## [PROBLEM TO WORK ON]
Repeat every line from the line containing "未来五年,电解液江湖可能还会" to the end of the data, exactly. Leave the pictures out.

## [SUPPLIED INFORMATION]
******

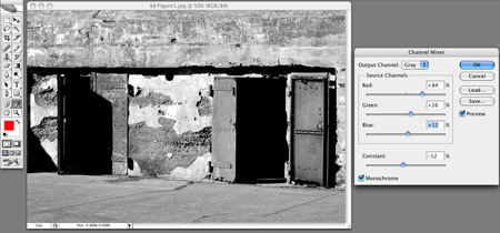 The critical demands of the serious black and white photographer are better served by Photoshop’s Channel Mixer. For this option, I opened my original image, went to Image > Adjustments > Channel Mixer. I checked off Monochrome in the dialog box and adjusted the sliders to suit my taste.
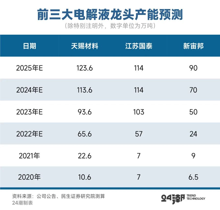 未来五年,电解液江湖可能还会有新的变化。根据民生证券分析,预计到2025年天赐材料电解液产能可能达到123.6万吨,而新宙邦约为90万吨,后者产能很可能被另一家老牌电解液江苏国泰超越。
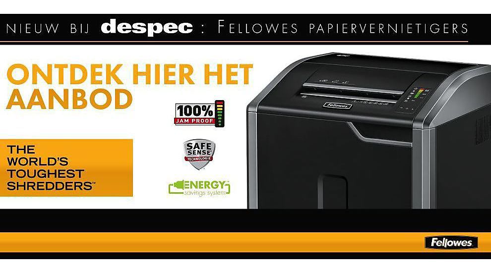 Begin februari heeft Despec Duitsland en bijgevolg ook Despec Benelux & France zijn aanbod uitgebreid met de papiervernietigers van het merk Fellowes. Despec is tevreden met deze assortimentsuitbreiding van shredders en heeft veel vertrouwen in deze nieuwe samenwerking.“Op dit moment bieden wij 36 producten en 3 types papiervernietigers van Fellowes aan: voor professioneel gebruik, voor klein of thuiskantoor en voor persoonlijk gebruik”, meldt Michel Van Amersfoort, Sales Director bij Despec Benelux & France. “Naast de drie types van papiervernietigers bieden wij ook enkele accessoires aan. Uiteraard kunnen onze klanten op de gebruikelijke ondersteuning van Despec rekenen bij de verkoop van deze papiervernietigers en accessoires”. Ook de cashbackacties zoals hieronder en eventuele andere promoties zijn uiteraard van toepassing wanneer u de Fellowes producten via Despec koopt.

******

## [ANSWER TO THE EXERCISE]
 未来五年,电解液江湖可能还会有新的变化。根据民生证券分析,预计到2025年天赐材料电解液产能可能达到123.6万吨,而新宙邦约为90万吨,后者产能很可能被另一家老牌电解液江苏国泰超越。
 Begin februari heeft Despec Duitsland en bijgevolg ook Despec Benelux & France zijn aanbod uitgebreid met de papiervernietigers van het merk Fellowes. Despec is tevreden met deze assortimentsuitbreiding van shredders en heeft veel vertrouwen in deze nieuwe samenwerking.“Op dit moment bieden wij 36 producten en 3 types papiervernietigers van Fellowes aan: voor professioneel gebruik, voor klein of thuiskantoor en voor persoonlijk gebruik”, meldt Michel Van Amersfoort, Sales Director bij Despec Benelux & France. “Naast de drie types van papiervernietigers bieden wij ook enkele accessoires aan. Uiteraard kunnen onze klanten op de gebruikelijke ondersteuning van Despec rekenen bij de verkoop van deze papiervernietigers en accessoires”. Ook de cashbackacties zoals hieronder en eventuele andere promoties zijn uiteraard van toepassing wanneer u de Fellowes producten via Despec koopt.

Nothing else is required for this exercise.